Minutes after stepping outside to earn some cash from a nearby ATM.


Minutes after stepping outside to earn some cash from a nearby ATM, Marvin Miller said he reverted to the popular gay nightclub Badlands in the heart of San Francisco's Castro district in October 2003 That's when the bar's proprietor stopped him at the door. Miller, who is African-American, was asked to provide pair additional forms of photo ID. The doorman said Miller had already been inside, on the contrary owner Les Natali refused Miller reentry claiming the T-shirt and jeans he was wearing didn't match the club's dres digest Soon a white man in shorts and flip-flops go intoed just beside him.

The incident left Miller with a "horrible, sick feeling in my stomach." thus he asked around and lay the foundation of that many African-Americans and Latinos had been treated the same way by the agency of Natali.

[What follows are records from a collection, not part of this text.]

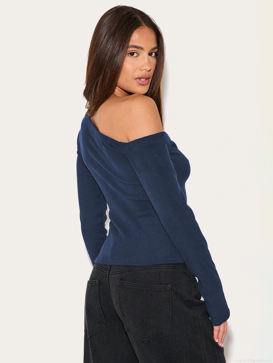 • Women One Shoulder Long Sleeve Button Ribbed Knit T-Shirt Slim Fit Asymmetric Neck Pullover Top Y2K Sexy Style Solid Color Viscose Blouse For Casual Dating Autumn
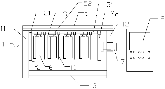 所述烘干板具有一對分別置于縱梁的兩側(cè),且烘干板與縱梁平行,烘干板與控制箱相連。
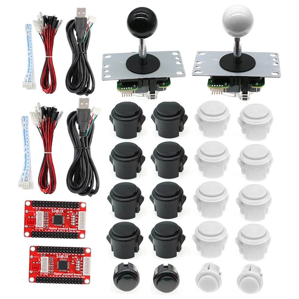 One kit include :2 x USB encode(Suppor PC PS3)2 x USB cable2x /8 way 5PIN joystick(Shaft length 32mm)2x 5Pin cable16 x 30MM push button4 x 24MMpush button20x 2.8mm button cable
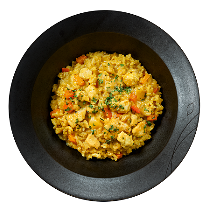 Gelbes Linsencurry mit Reis, Kichererbsen und Gemüse
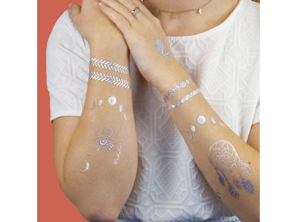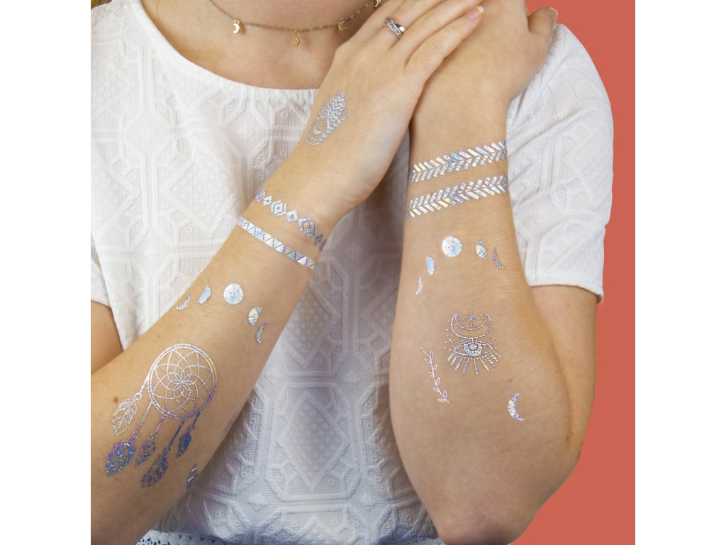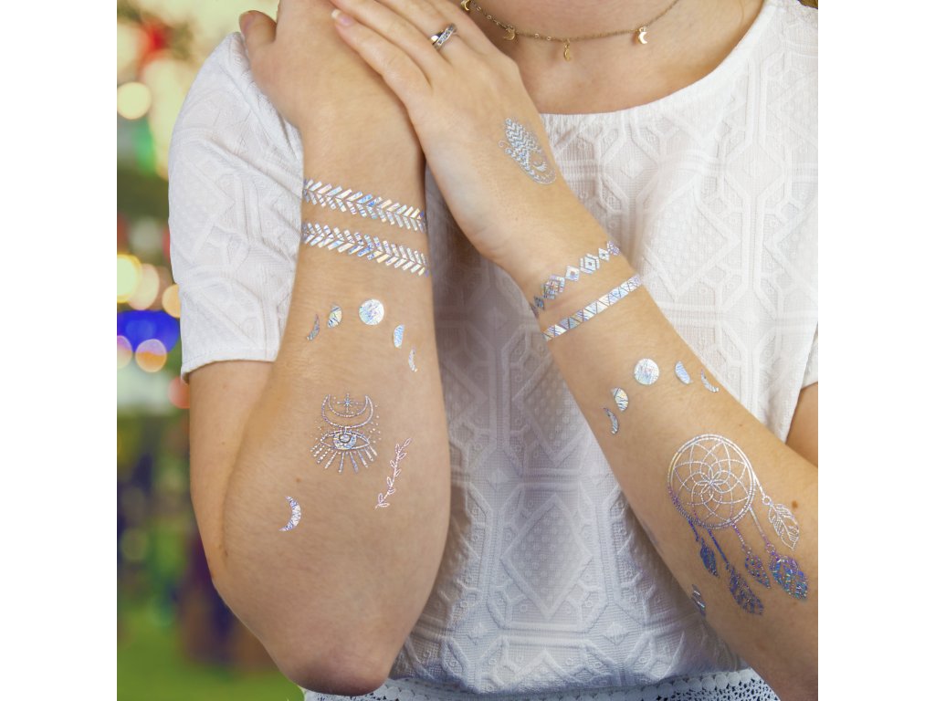 Flower Child Body Tattoos Bring on the festival season in style! Our iridescent temporary tattoos will have you looking groovy all summer long.Doplňkové parametry
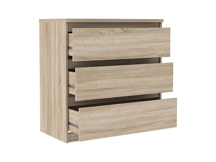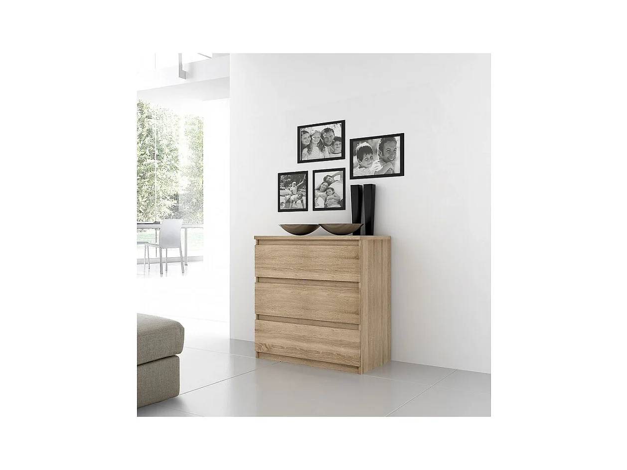 Commode 3 tiroirs décor chêne clair texturé - BENNY

Not only was he discriminating against them as patrons, he wasn't hiring them at Badlands and at more [i]or[/i] less of his other local businesses. by and by the activist group And Castro for All was formed, and a complaint was filed with the city's Human Rights Commission last June

Following a 10-month investigation that included interviews with nearly 60 patrons and existing and former employees, the commission reported April 26 that Natali was inconsistently applying dres digests identification requirements, and a "no bag" policy for personal items, forward the basis of race--violations of city ordinances. It also set that Natali had discriminated against blacks in hiring. Natali has denied the charges, and the Castro arrange is now boycotting his coterie and pressuring the state and the city to annul his liquor and entertainment license, respectively. "Badlands isn't just any bar," says John Newsome an organizer for And Castro for All. "This is the same of the most popular bars in individual of the biggest gay destinations in the world. What happens here impels a message elsewhere."

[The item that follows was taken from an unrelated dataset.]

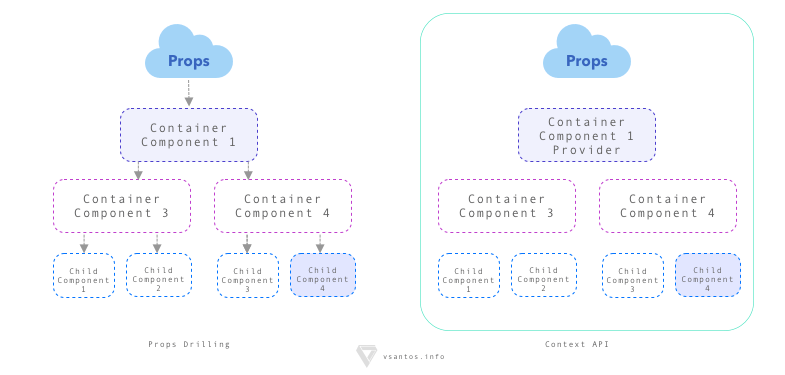 In the diagram at your left, you can see how we used to pass down props from Container Component 1 to Child Component 4, we have to pass down first the props to Container Component 4 and then pass down to 4, we still can do it but when we add more and more child component it’s getting really hard to maintain. At the right, we have the context API diagram, we only need to add a Provider component at the top level and then we are able to access the provider information from any child component.
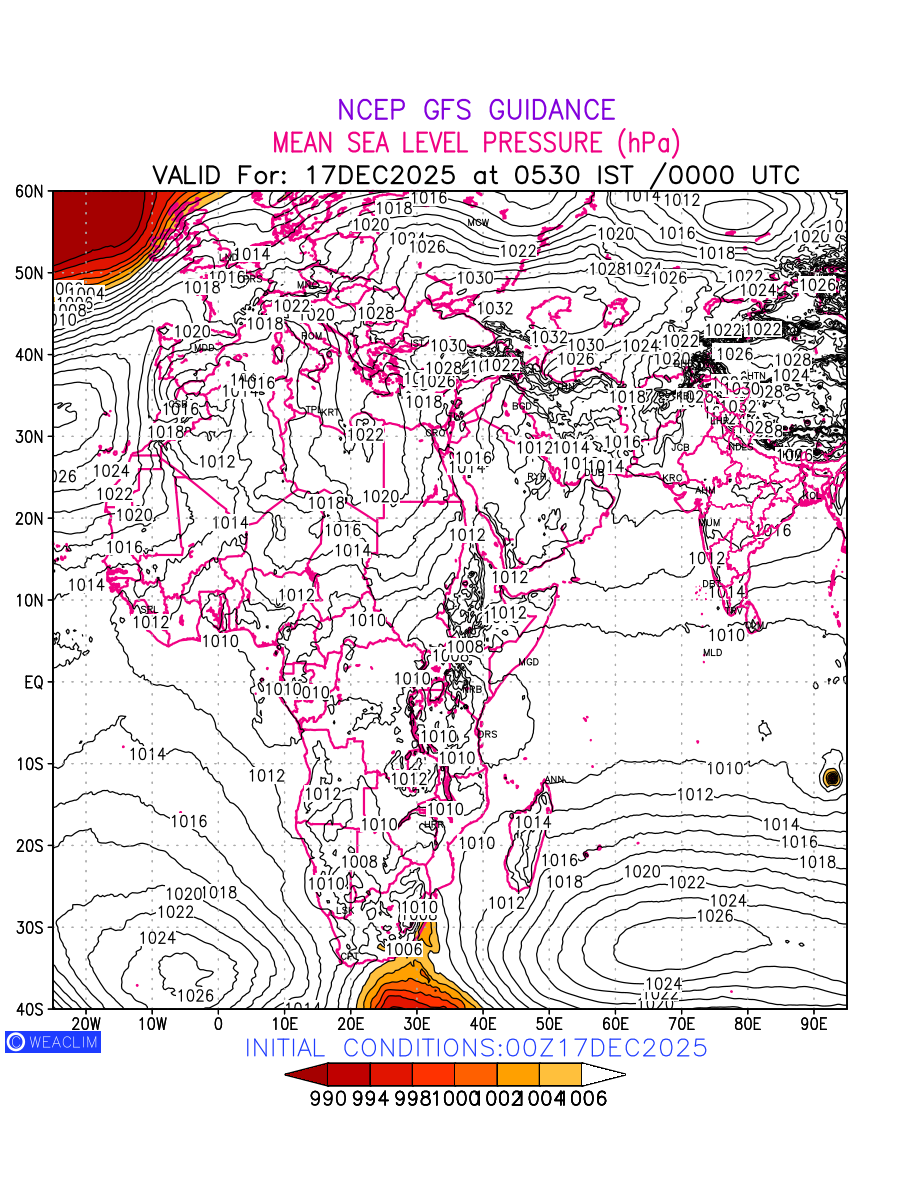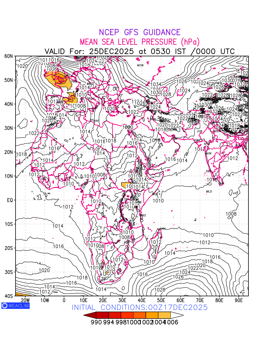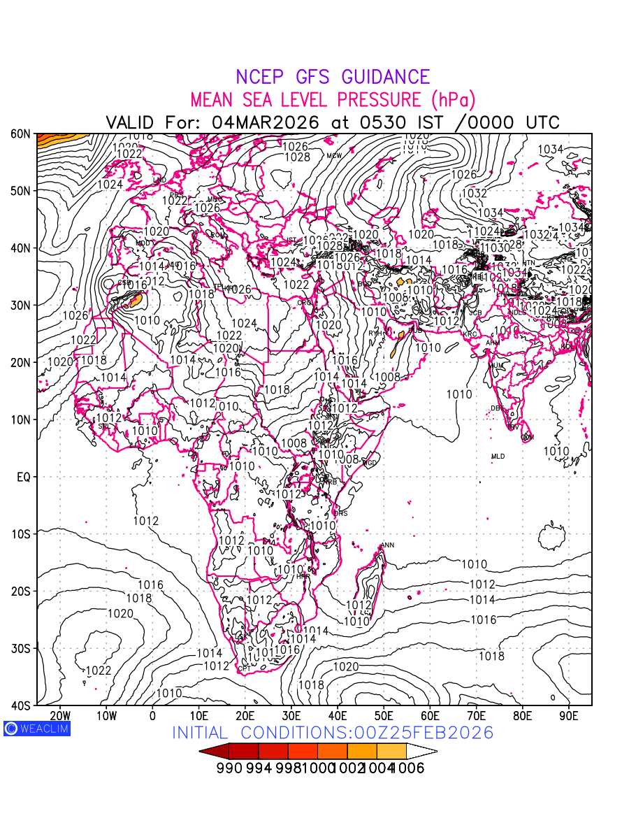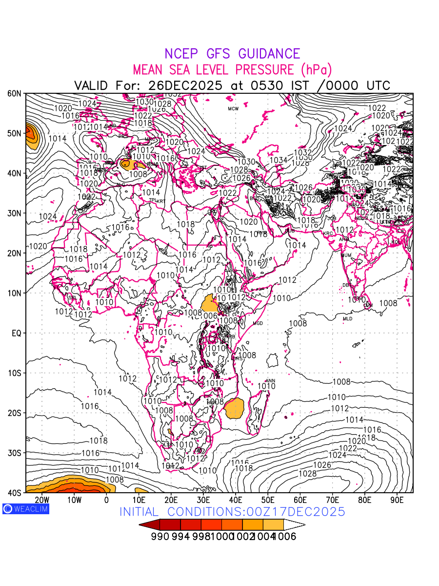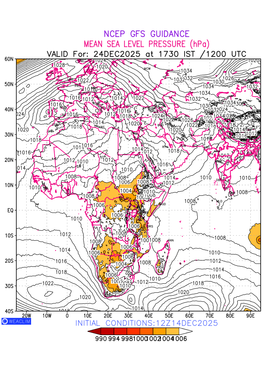 Mean Sea Level Pressure (MSLP) charts at the 24th hour for Africa typically show a color-coded contour map of atmospheric pressure at sea level, with lines of equal pressure (isobars) indicating areas of high and low pressure over a geographic area. Meteorologists use these charts to identify areas of high and low pressure, which can give indications of storms, cold fronts, or warm fronts. The MSLP charts are also useful in identifying areas of convergence and divergence in the atmosphere, which can influence the formation or decay of weather systems.

Indeed, the report has sparked a national conversation about the persistence of racism in the gay community. "I'm glad that clan cared enough to do something about this problem" says Nat Martin, cochair of the National Association of Black and White Men Together. When it formed in San Francisco in 1980 his organization was united of the first to contemplate at racism in the gay community.

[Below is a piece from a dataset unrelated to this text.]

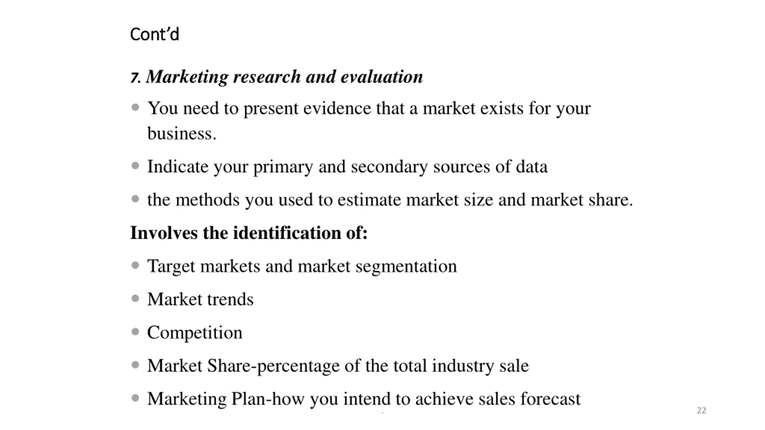 Contd Cont d 7. Marketing research and evaluation You need to present evidence that a market exists for your business. Indicate your primary and secondary sources of data the methods you used to estimate market size and market share. Involves the identification of: Target markets and market segmentation Market trends Competition Market Share-percentage of the total industry sale Marketing Plan-how you intend to achieve sales forecast . 22

The irony that local activists would be doing similar work 25 years later was not squandered on Newsome. "Frankly, it's depressing to realize that racial discrimination still exists," he said. on the other hand it's encouraging when one form into groups can make a difference. "Historically, racial discrimination has been a question at issue in every city's gay community," he said. "But in 2005 we've raise a powerful new way to combat it--using traditional civil rights law."